In his declaration for the
immigration court, Ervin said, "I
believed I had seen two individuals
from the initial group that
approached my vehicle get into the
passenger seat of a brown pick-up
truck." According to Ervin, he
walked to the truck and asked the
men if they were in the country
undocumented. When one said he was,
Ervin said, he ordered both of them
out.
But the video confirms the two men
ordered out of the pickup were not
part of the group that approached
Ervin's vehicle. One of the men,
Jose del Transito, said in a phone
interview from El Salvador he and a
friend had been offered a job and
were waiting outside the store for
their employer to emerge when the
ICE vehicles arrived. The video
shows del Transito and the other man
entering the pickup with their
employer, only to be ordered out by
Ervin seconds later.
Similarly, deportation officer
Kenneth B. Giove told both the
immigration court and ICE
investigators as the roundup began,
"I noticed two of the men, who had
been in the group surrounding
Ervin's vehicle, turn away and enter
the 7-Eleven store," in the words of
his court declaration. Giove said he
went in after them and "determined
who was to be removed from the store
by their clothing and the fact they
were hiding behind the coffee pot,"
according to the investigation
summary.
The video, however, shows only one
man appears to have entered the
store at that point. The other two
men at the coffee counter were
Ernesto Guillen and a second man of
Hispanic appearance, who, like
Guillen, appears to have had no
interaction with agents. The video
then shows Giove direct all three
men outside.
In a recent interview, Guillen
recalled his mounting desperation as
he tried to explain to Giove he
needed to get to his son at the
hospital. "My boy was so weak and he
was so scared of all the injections.
I needed to be there," he recalled.
Cox and Michelle Mendez, his
co-counsel at CASA of Maryland, said
the events call into question
whether the officers overstepped
their authority. Although law
enforcement officers can question
anyone who speaks to them
voluntarily, Cox and Mendez said,
they cannot legally detain someone
without reasonable suspicion.
Nantel, the ICE spokeswoman, said:
"These officers were reacting to a
situation unfolding in front of
them. We have the luxury to go back
in time and look at it in slow
motion.
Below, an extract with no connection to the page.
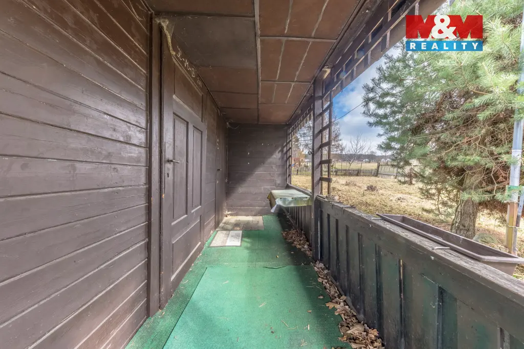 Na zahradě se nachází dřevěná chatka, vhodná k rekonstrukci dle vlastních představ. Dále se zde nachází starší skleník, udírna, ohniště, uzamykatelná bouda na uskladnění nářadí, suché WC.

They don't."
The CASA of Maryland lawyers argued
ICE's investigation summary
contradicts the initial testimony of
some of the officers they sought to
arrest only those who had freely
admitted to them they were in the
country undocumented.
For instance, Ervin told ICE
investigators when he asked some of
the men in the original group about
their status, the men only "looked
down at the ground, or away and
mumbled or said nothing." Several of
the detainees also filed affidavits
swearing they did not voluntarily
admit to being undocumented
immigrants.
After three fretful nights in jail,
Guillen, who declined to discuss his
immigration status on the advice of
lawyers, was granted supervised
humanitarian release by ICE. Lawyers
said another man was released after
18 days because he proved he was in
the country legally, while three
others continue to fight their cases
in immigration court. The other 19
were either deported or permitted to
take "voluntary departure." Del
Transito is one of them. However, he
and two of the detainees still in
the United States have filed claims
seeking $500,000 each in damages
from ICE. The agency has six months
to reply.
Alderman and most of the officers
involved in the 7-Eleven action are
still employed by ICE. According to
the investigation summary, Ervin
told ICE investigators although he
did not believe the team had
violated any laws, "he believed the
fugitive operations team was not
appropriately used. Ervin believed
strongly in the Fugitive Operations
mission, and felt from the start the
orders given to the team were
outside their operational mandate."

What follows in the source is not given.